● Entries shown

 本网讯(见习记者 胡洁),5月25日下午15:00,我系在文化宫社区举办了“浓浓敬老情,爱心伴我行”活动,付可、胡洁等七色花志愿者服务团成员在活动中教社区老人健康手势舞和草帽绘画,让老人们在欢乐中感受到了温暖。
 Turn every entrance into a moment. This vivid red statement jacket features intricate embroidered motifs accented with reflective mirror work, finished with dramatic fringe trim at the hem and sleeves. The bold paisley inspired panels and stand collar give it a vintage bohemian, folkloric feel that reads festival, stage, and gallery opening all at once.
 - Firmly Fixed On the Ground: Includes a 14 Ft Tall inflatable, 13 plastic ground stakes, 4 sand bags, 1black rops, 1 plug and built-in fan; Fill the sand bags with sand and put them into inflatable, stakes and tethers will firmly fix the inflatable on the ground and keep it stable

--

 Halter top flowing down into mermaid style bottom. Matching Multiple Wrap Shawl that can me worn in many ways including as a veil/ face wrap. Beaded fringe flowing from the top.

● Problem description
All lines that contain the word "into" must be copied from the records above.

● Output below
 Turn every entrance into a moment. This vivid red statement jacket features intricate embroidered motifs accented with reflective mirror work, finished with dramatic fringe trim at the hem and sleeves. The bold paisley inspired panels and stand collar give it a vintage bohemian, folkloric feel that reads festival, stage, and gallery opening all at once.
 - Firmly Fixed On the Ground: Includes a 14 Ft Tall inflatable, 13 plastic ground stakes, 4 sand bags, 1black rops, 1 plug and built-in fan; Fill the sand bags with sand and put them into inflatable, stakes and tethers will firmly fix the inflatable on the ground and keep it stable
 Halter top flowing down into mermaid style bottom. Matching Multiple Wrap Shawl that can me worn in many ways including as a veil/ face wrap. Beaded fringe flowing from the top.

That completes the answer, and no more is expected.